Life drawing society based in London

The Hesketh Hubbard Art Society is the largest life drawing society in London. It was founded in 1930 and has been meeting regularly since then.

==History and activities==
The Hesketh Hubbard Art Society has been holding weekly life drawing classes since its foundation in 1930. It was originally a club within the Royal Society of British Arts. It is one of the 9 member societies that form the Federation of British Artists and holds its meetings in the federation's Mall Galleries, next to Trafalgar Square.

There are 50 meetings annually with three life models and one portrait model in poses of varying duration. The sessions are untutored and open to amateurs and professionals alike. Prospective members are asked to show a selection of work.

An early member was Grace Golden (1904 - 1993), author, illustrator and artist, an extensive collection of whose work is in the Museum of London.

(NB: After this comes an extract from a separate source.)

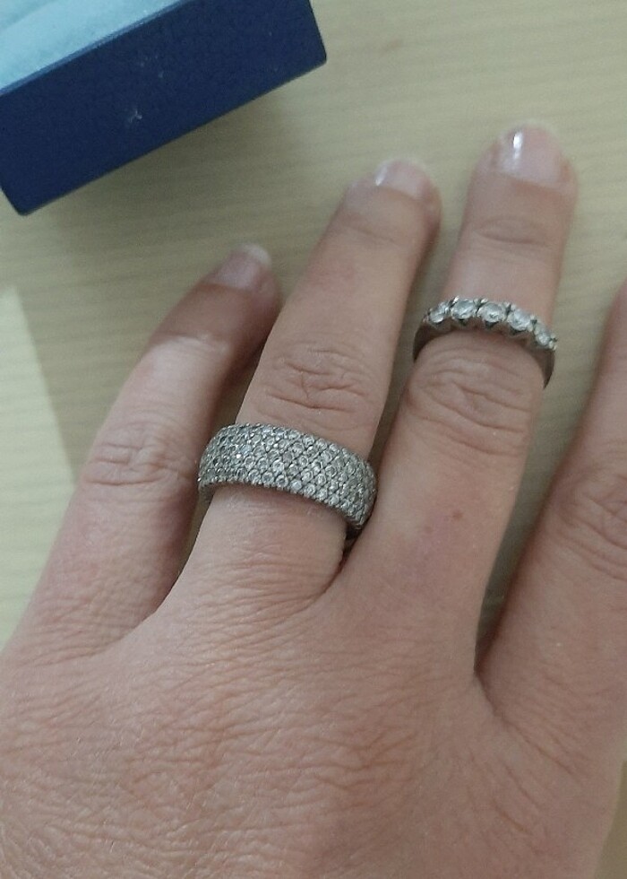 925 ayar zirkon alyans gibi de kullanılabilen yüzük. Sanırım 6 numara.. yanında yine 5 taş gümüş yüzük

The society awarded a first prize to Leonard Bennetts (1933 - 2005), a New Zealand artist who settled in London and described himself as "the original retrogressionist (the way forwards is backwards)". Colin McMillan (born 1923) has been a president of the society and a member for 20 years. He began painting in the Royal Navy and his work is in the Imperial War Museum. Ray Denton, a winner of the Charles Pears prize at the Royal Society of Marine Artists was a member of the society, till leaving London in 1996.

The current president of the society is Simon Whittle, and the vice-president, David Cottingham.